Ese viernes, Kim Taehyung terminó con las palmas de sus manos en carne viva y una declaración de amor escondida en el fondo de un cajón.
Si alguien le hubiera advertido lo que ocurriría antes de que sacara aquel bizcocho quemado del horno, probablemente habría pensado que era una exageración. Después de todo, ¿cómo podía un simple viernes convertirse en el inicio de algo capaz de cambiar una vida?
Habría tenido más cuidado. Quizá habría usado un guante más grueso, quizá habría esperado unos segundos antes de sacar la bandeja caliente.
Y tal vez su bizcocho relleno de nueces no habría terminado volando por los aires, dejando la cocina hecha un desastre y convirtiéndose en el premio inesperado de Yeontan.
Pero el verdadero problema de aquel día no había sido la quemadura. Había sido la hoja de papel que apareció minutos después.
Una hoja que cambiaría todo.
Taehyung corrió al baño con un quejido ahogado y colocó sus manos bajo el agua fría. El ardor era insoportable. Sus dedos temblaban mientras intentaba recordar algún consejo útil que hubiera escuchado alguna vez.
No pasta dental. Eso sonaba demasiado absurdo. Terminó usando una crema para la piel, aunque sus manos continuaban rojas y sensibles.
Las lágrimas que había intentado contener finalmente dejaron de caer cuando el frío alivió un poco el dolor.
Entonces escuchó algo. Un pequeño ruido proveniente del estudio.
Taehyung levantó la cabeza.
Algo se había movido. Por el rabillo del ojo vio una sombra deslizarse por la tarima. Caminó despacio, todavía sosteniendo una mano con la otra, hasta encontrar una hoja de papel junto a la puerta.
No era una carta. Era una simple hoja arrancada de una libreta.
Frunció el ceño.
La puerta seguía cerrada.
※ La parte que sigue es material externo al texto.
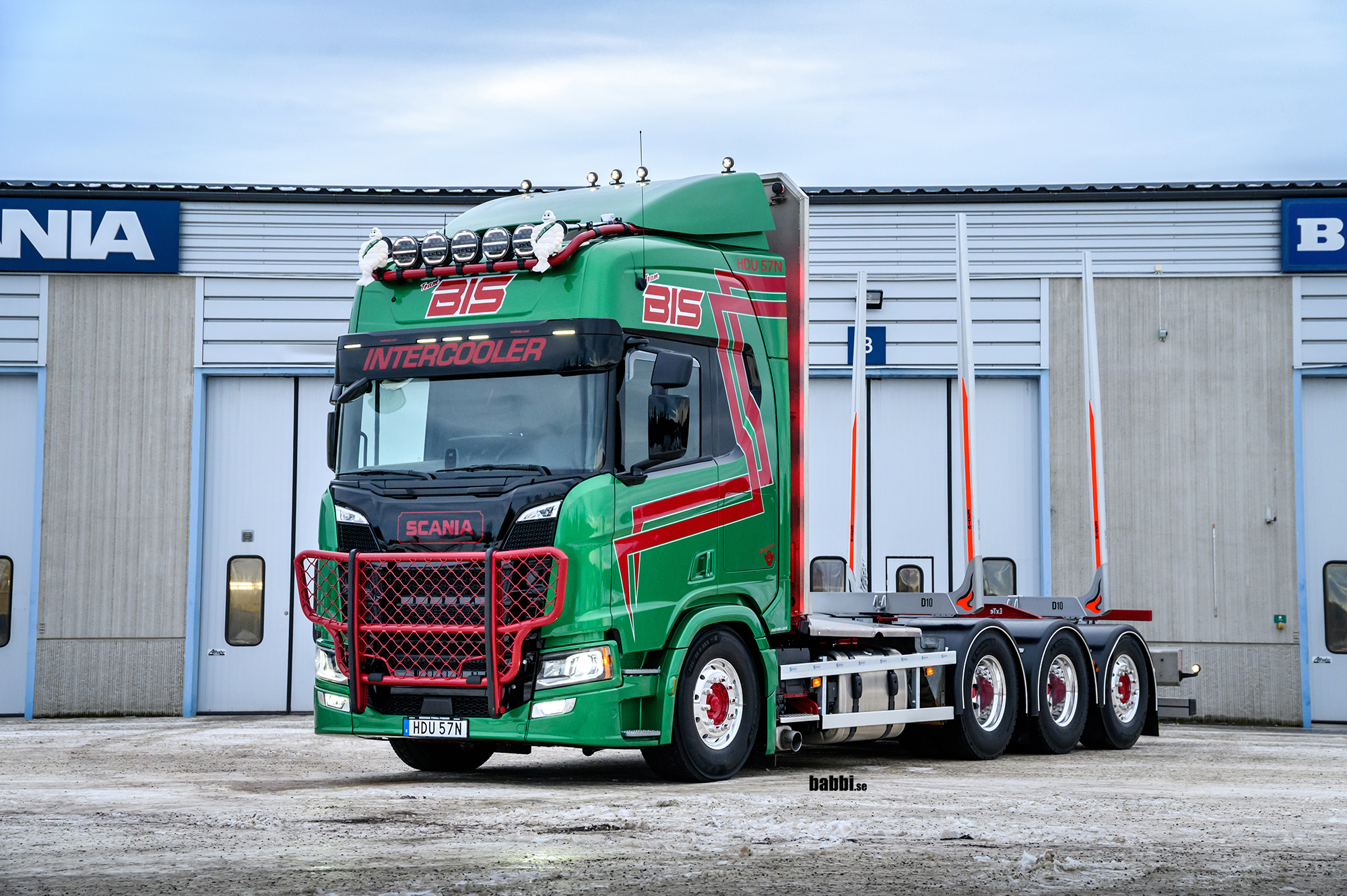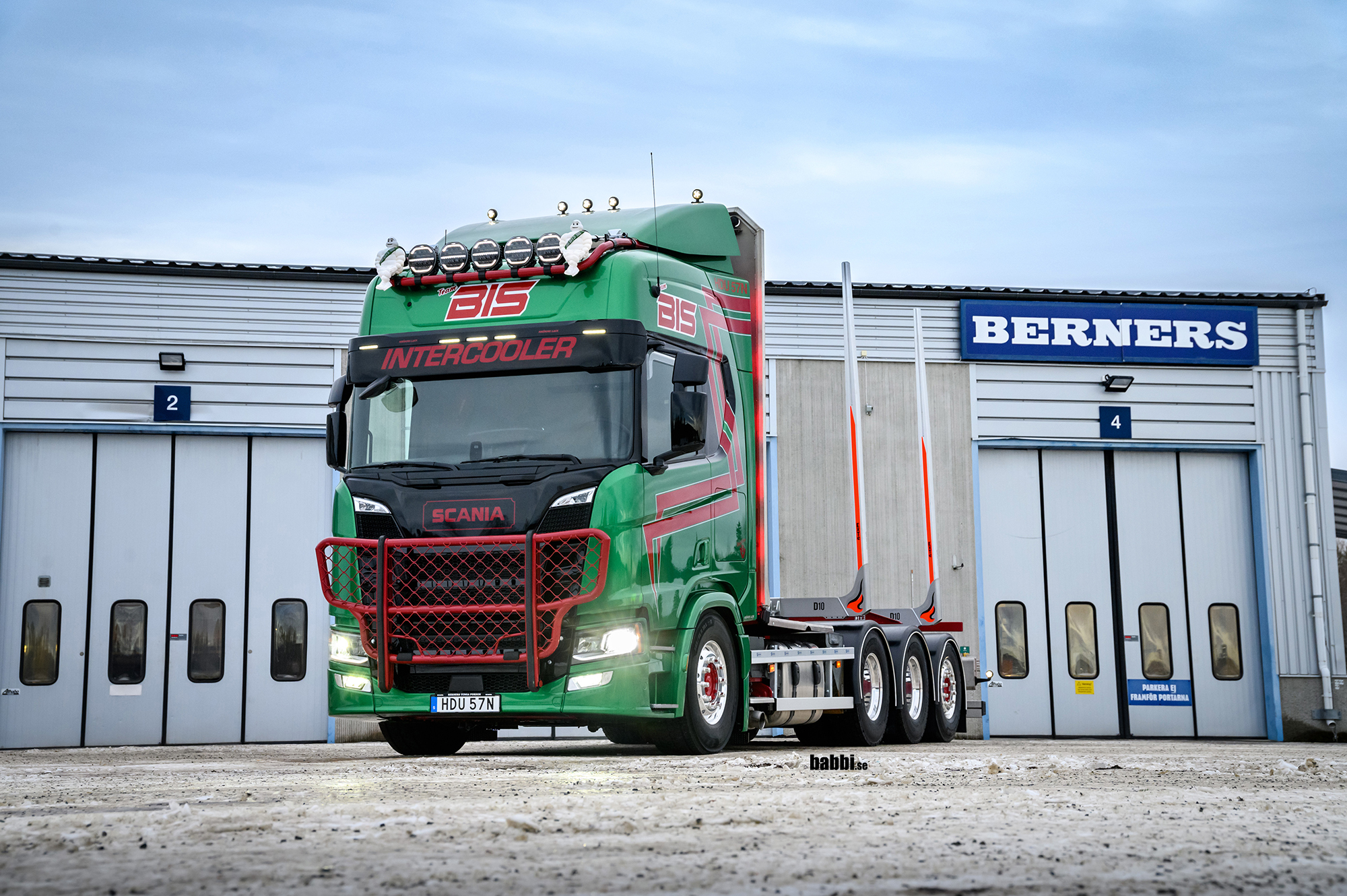 BIS Åkeri har investerat i en ny Scania R590 8x4*4 för sina timmerstransporter. Påbyggnation är utförd av Själanders Åkeri. Utrustning utförd på Berners verkstad i Sollefteå. Lackering utförd av Nyåkers lack. Berners Tunga Fordon AB i Sollefteå tackar för förtroendet och önskar all lycka med nya bilen.

Alguien había dejado aquel papel por debajo de la rendija.
Durante los últimos meses había escuchado historias extrañas sobre personas que se acercaban demasiado a los hogares ajenos. Historias que normalmente ignoraba, pero que en ese momento volvieron a su mente con una claridad incómoda.
Con el corazón acelerado, tomó la hoja.
La letra era desordenada, inclinada hacia un lado, como si la persona que había escrito aquello hubiera estado nerviosa.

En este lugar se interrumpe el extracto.